Source records
= = = = =

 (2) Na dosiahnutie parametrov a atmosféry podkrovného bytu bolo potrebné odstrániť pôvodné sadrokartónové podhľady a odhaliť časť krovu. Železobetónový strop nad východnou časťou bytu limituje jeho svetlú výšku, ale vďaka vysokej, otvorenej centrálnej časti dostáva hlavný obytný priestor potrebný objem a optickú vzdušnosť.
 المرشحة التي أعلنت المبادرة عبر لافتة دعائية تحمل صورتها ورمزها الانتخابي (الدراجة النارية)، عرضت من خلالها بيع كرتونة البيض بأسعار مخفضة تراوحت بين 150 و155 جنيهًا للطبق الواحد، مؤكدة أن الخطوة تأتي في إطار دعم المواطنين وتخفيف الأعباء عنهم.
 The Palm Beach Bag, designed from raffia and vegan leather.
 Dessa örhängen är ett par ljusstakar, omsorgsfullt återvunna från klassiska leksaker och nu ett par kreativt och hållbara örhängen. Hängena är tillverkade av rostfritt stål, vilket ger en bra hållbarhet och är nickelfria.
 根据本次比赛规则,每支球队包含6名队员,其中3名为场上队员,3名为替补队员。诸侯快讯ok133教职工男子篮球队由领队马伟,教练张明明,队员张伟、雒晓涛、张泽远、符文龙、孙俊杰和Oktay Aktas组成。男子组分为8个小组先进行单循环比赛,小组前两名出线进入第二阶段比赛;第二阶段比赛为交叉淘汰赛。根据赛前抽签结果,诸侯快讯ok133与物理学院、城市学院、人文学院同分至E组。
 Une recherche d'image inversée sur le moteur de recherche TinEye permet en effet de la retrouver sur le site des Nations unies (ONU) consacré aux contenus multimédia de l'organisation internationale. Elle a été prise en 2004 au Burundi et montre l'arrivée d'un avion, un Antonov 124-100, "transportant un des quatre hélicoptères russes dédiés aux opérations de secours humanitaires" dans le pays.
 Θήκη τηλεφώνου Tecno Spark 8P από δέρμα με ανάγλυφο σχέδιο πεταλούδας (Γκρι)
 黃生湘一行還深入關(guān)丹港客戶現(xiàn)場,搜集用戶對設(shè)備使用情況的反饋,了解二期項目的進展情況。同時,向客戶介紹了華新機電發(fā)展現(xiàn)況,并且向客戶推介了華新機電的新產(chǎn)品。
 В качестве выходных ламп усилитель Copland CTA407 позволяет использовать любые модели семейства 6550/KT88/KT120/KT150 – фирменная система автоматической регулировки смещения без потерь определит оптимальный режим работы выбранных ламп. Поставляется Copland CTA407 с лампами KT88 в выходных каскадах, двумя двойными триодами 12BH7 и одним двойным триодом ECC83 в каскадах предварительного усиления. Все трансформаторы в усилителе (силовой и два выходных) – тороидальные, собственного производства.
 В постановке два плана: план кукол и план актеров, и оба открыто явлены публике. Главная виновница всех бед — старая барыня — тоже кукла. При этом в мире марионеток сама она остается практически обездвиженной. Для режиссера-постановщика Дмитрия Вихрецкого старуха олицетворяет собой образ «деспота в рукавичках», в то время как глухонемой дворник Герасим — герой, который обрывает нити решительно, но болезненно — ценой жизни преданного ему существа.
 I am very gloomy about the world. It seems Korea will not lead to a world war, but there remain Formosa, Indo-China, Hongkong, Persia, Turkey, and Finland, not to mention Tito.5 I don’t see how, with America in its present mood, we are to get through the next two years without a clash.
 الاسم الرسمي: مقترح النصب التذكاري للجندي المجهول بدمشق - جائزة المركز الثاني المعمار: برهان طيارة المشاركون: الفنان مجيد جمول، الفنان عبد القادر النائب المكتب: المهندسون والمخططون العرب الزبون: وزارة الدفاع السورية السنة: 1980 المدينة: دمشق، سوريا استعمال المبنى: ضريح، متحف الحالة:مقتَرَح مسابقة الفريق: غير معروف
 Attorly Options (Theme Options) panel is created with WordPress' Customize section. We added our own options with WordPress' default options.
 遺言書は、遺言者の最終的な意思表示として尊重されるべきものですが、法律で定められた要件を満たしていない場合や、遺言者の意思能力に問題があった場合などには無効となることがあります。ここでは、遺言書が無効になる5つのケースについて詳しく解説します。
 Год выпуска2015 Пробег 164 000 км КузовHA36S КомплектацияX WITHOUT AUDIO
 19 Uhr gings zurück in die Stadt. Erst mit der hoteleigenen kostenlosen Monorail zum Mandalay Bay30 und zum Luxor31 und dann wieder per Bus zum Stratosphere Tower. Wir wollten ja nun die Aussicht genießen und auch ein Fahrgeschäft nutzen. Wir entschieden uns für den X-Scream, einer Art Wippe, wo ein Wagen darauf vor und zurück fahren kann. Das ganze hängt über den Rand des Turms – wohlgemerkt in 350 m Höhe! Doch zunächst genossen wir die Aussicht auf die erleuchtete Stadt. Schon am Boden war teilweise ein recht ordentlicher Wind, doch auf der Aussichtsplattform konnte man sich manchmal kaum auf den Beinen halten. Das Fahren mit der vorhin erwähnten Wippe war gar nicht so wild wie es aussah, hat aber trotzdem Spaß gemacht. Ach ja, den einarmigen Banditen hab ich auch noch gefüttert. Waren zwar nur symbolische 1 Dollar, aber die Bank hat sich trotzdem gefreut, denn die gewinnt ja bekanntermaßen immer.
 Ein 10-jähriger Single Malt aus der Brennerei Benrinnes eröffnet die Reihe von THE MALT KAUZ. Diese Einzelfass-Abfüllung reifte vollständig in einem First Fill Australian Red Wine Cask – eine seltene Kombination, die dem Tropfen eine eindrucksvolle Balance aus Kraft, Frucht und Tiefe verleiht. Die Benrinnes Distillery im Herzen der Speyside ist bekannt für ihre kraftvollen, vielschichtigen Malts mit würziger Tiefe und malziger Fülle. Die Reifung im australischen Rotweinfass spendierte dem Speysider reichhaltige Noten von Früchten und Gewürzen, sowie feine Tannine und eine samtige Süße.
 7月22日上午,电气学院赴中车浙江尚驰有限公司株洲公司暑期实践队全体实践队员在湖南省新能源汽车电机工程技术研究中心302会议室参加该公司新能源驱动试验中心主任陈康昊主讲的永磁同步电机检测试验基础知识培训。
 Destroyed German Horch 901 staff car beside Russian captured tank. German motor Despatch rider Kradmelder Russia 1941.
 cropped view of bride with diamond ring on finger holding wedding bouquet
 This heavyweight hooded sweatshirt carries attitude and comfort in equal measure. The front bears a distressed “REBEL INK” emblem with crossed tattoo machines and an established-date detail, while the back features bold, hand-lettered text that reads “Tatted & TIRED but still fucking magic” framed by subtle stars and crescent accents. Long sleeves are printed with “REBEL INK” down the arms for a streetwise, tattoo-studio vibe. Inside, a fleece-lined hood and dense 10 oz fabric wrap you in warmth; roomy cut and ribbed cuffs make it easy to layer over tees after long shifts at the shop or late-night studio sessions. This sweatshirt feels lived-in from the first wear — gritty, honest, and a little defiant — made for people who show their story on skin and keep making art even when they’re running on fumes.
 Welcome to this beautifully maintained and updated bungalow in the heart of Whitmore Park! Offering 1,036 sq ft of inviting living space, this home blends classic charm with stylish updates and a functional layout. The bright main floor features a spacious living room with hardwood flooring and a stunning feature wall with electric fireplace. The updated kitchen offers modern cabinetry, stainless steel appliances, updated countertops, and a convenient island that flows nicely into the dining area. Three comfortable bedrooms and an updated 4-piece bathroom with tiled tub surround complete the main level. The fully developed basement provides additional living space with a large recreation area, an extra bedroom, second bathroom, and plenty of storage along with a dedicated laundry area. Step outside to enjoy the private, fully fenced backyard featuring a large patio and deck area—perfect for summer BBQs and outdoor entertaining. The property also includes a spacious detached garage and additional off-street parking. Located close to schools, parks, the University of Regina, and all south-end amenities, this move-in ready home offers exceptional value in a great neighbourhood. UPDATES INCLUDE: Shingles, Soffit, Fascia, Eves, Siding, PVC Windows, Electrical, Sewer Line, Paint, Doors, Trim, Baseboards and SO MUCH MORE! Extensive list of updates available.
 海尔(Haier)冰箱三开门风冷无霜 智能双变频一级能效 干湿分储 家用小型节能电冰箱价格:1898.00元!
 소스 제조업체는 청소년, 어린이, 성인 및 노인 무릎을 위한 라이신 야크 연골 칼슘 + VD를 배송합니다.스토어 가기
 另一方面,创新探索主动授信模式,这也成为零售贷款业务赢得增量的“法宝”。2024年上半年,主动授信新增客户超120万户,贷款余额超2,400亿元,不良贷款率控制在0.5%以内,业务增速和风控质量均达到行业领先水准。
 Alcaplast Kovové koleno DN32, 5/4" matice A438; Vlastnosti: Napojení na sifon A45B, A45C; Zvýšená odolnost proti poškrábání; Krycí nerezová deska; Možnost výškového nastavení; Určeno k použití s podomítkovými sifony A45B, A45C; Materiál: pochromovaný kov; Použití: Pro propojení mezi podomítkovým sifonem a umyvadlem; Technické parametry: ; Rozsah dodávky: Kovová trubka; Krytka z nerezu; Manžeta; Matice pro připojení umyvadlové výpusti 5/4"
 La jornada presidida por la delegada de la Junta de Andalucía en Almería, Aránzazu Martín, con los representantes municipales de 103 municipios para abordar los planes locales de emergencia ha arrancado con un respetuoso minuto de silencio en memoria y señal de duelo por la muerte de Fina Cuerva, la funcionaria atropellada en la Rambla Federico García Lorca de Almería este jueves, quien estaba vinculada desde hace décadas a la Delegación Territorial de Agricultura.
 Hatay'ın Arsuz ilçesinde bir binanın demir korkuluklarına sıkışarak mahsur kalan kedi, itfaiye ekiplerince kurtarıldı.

= = = = =

What you have to do:
Of all the entries above, repeat only the lines from the line that has "Θήκη τηλεφώνου Tecno" to the line that has "I am very gloomy", both lines included, exactly.

Final answer:
 Θήκη τηλεφώνου Tecno Spark 8P από δέρμα με ανάγλυφο σχέδιο πεταλούδας (Γκρι)
 黃生湘一行還深入關(guān)丹港客戶現(xiàn)場,搜集用戶對設(shè)備使用情況的反饋,了解二期項目的進展情況。同時,向客戶介紹了華新機電發(fā)展現(xiàn)況,并且向客戶推介了華新機電的新產(chǎn)品。
 В качестве выходных ламп усилитель Copland CTA407 позволяет использовать любые модели семейства 6550/KT88/KT120/KT150 – фирменная система автоматической регулировки смещения без потерь определит оптимальный режим работы выбранных ламп. Поставляется Copland CTA407 с лампами KT88 в выходных каскадах, двумя двойными триодами 12BH7 и одним двойным триодом ECC83 в каскадах предварительного усиления. Все трансформаторы в усилителе (силовой и два выходных) – тороидальные, собственного производства.
 В постановке два плана: план кукол и план актеров, и оба открыто явлены публике. Главная виновница всех бед — старая барыня — тоже кукла. При этом в мире марионеток сама она остается практически обездвиженной. Для режиссера-постановщика Дмитрия Вихрецкого старуха олицетворяет собой образ «деспота в рукавичках», в то время как глухонемой дворник Герасим — герой, который обрывает нити решительно, но болезненно — ценой жизни преданного ему существа.
 I am very gloomy about the world. It seems Korea will not lead to a world war, but there remain Formosa, Indo-China, Hongkong, Persia, Turkey, and Finland, not to mention Tito.5 I don’t see how, with America in its present mood, we are to get through the next two years without a clash.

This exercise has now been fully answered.